Dedicated Chess Computer Test Scores

scandien · Post by **scandien** » Fri Jan 22, 2016 7:28 pm

My formula have been truncated :

USCF = 180 + 0.94FIDE, if FIDE under 2000
USCF = 20 +1.02FIDE if FIDE greater 2000

fide uscf
2787 2862,74
2773 2848,46
2718 2792,36
2659 2732,18

i have check for the First 5 players of your list , it seems to fit quite well !

But all of this is not really important. This is just to have a reference

br

Nicolas

Brian B · Post by **Brian B** » Fri Jan 22, 2016 7:43 pm

Another piece of information. At the recent Millionaire Open #2 in Las Vegas, FIDE ratings were used without adjustment in the Open Section, where available or USCF rating was used. In ALL other sections, any FIDE ratings used had 60 points added to the FIDE rating. Not sure of the methodology used to arrive at a 60 point difference, but the organizers were trying to eliminate any sandbagging or players playing in the wrong section.

Rating regards,
Brian B

spacious_mind · Post by **spacious_mind** » Fri Jan 22, 2016 7:57 pm

scandien wrote:My formula have been truncated :

USCF = 180 + 0.94FIDE, if FIDE under 2000
USCF = 20 +1.02FIDE if FIDE greater 2000

fide uscf
2787 2862,74
2773 2848,46
2718 2792,36
2659 2732,18

i have check for the First 5 players of your list , it seems to fit quite well !

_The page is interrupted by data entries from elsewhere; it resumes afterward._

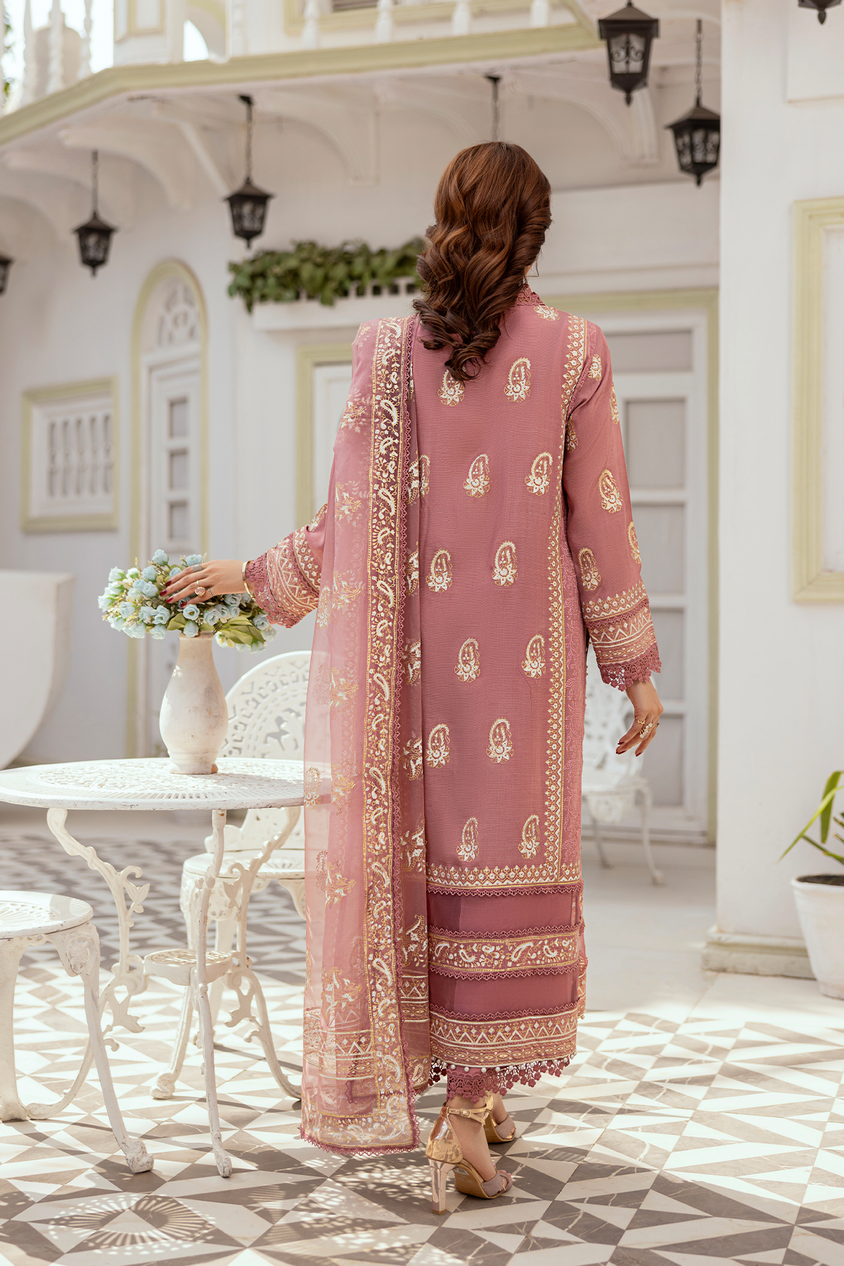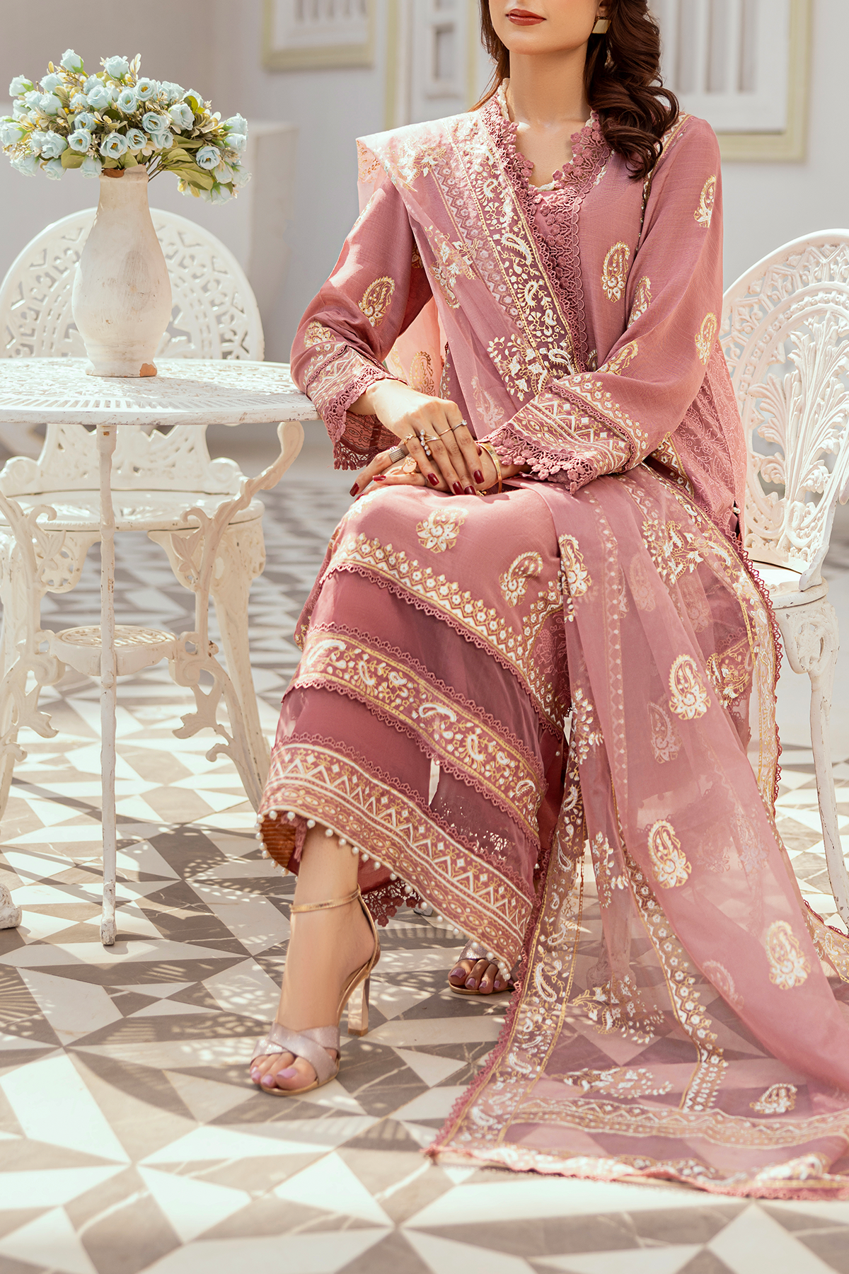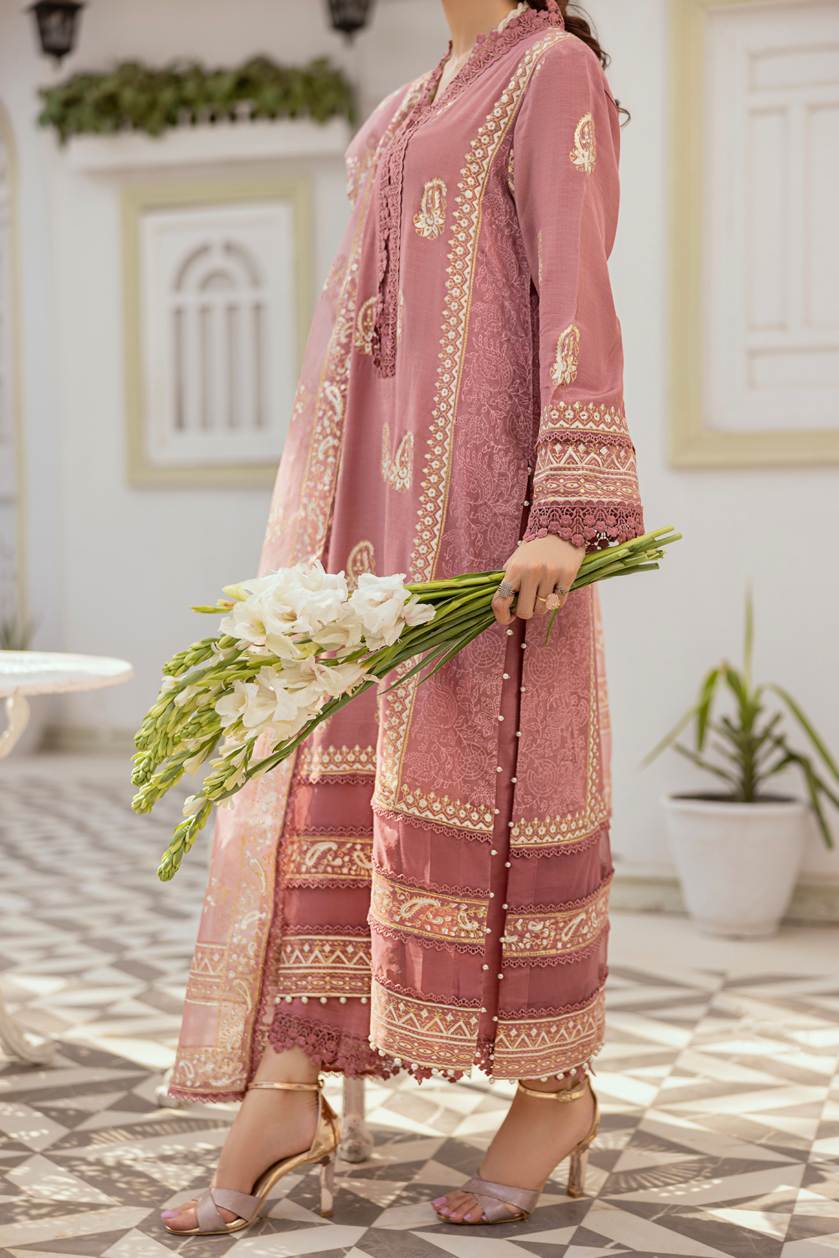An unstitched 3-piece pink outfit that exudes beauty and charm. Featuring a delicate hand block print in ivory and golden hues, showcasing intricate design and subtle elegance. The set includes a beautifully crafted shirt, paired with matching pants and a sheer dupatta.
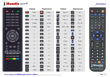 Attention: This remote control replaces most of the functions of your ATVS55915, but not all. The main functions are included, but some secondary functions may not be available.
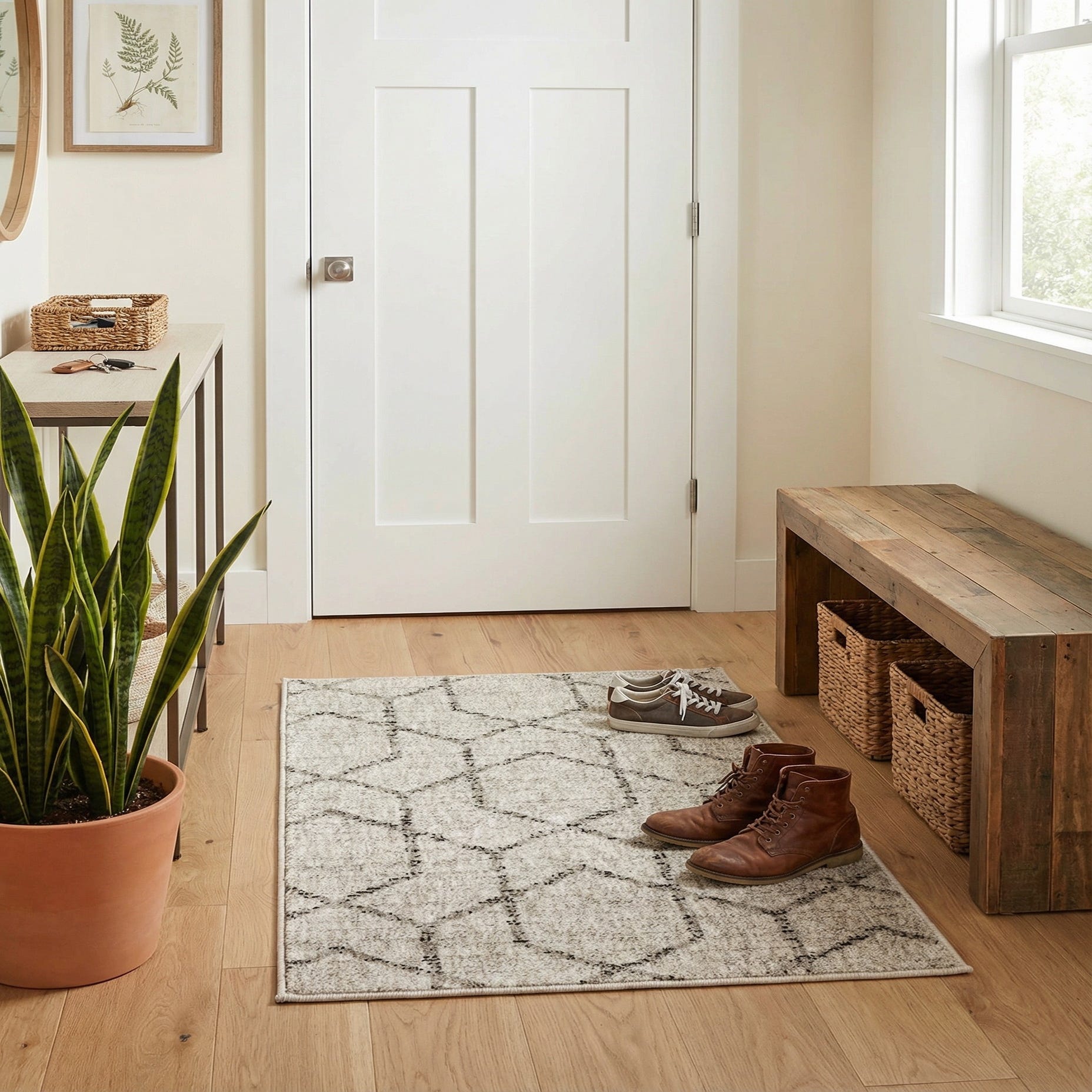 Machine-made of 100% recycled space-dyed polyester, this piece offers consistent construction and a soft, low-slung pile that fits easily under furniture or in high-traffic zones. Its neutral palette and casual geometric pattern work well in contemporary and transitional settings—try it in an entryway, layered beneath a small seating group, or placed by a bedside. It also pairs nicely with Scandinavian, minimalist, or modern farmhouse décor schemes where a subtle, textural anchor is needed.
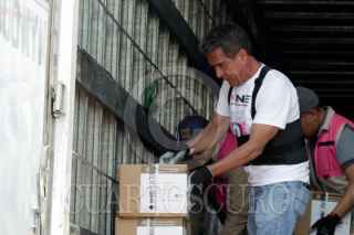 PUEBLA, PUEBLA, 09MAYO2024.- Personal de la junta distrital 12 del INE descargó la paquetería electoral y boletas para la elección federal del próximo 2 de junio.FOTO: MIREYA NOVO/ CUARTOSCURO.COM

But all of this is not really important. This is just to have a reference

br

Nicolas

Can you also try the less than 2000 rating

Regards
Nick

spacious_mind · Post by **spacious_mind** » Fri Jan 22, 2016 8:00 pm

Brian B wrote:Another piece of information. At the recent Millionaire Open #2 in Las Vegas, FIDE ratings were used without adjustment in the Open Section, where available or USCF rating was used. In ALL other sections, any FIDE ratings used had 60 points added to the FIDE rating. Not sure of the methodology used to arrive at a 60 point difference, but the organizers were trying to eliminate any sandbagging or players playing in the wrong section.

Rating regards,
Brian B

Cool that seems to fit between the 41 and 87 that I had found

So therefore still I believe you can use the chess.com scale up to 1700 and work a progression upwards

Best regards

scandien · Post by **scandien** » Sat Jan 23, 2016 8:38 am

Hello
whatever the used rating system ( which may introduce only an offset) it seems that , when tuned the "Computer Vs Computer" to the "Man Vs Machine" results , we have to for the stronger engines adjust the Computer rating.

After a while and several test i consider that for stronger engine (rating over 2000 in my rating list) i have to adjust my rating list with the following formula :
"Rating Vs Human"=( 2000+ (("Vs Computer Rating"-2000)*0.6)).

My own test seems to show that this "tuning" is not necessary for machine with rating under 2000.

The level vs human data are coming from :
. CRA Rating ,
. Rating from game versus rated human ( Internet information mostly from AEGON or "Hombre versus Machina" data)
. Internet versus Human on FICS
. SelSr Data ( when available for a few machines)

All those data seems to be relevant and compliant. I remember that L Kaufman did the same observation in his old CCR rating. I never really understand why the rating of stronger machine must have to be tune but it seems to be done.
Strangely i found that the Elo Aktiv rating list seems to be ok and doesn't need to be tune ....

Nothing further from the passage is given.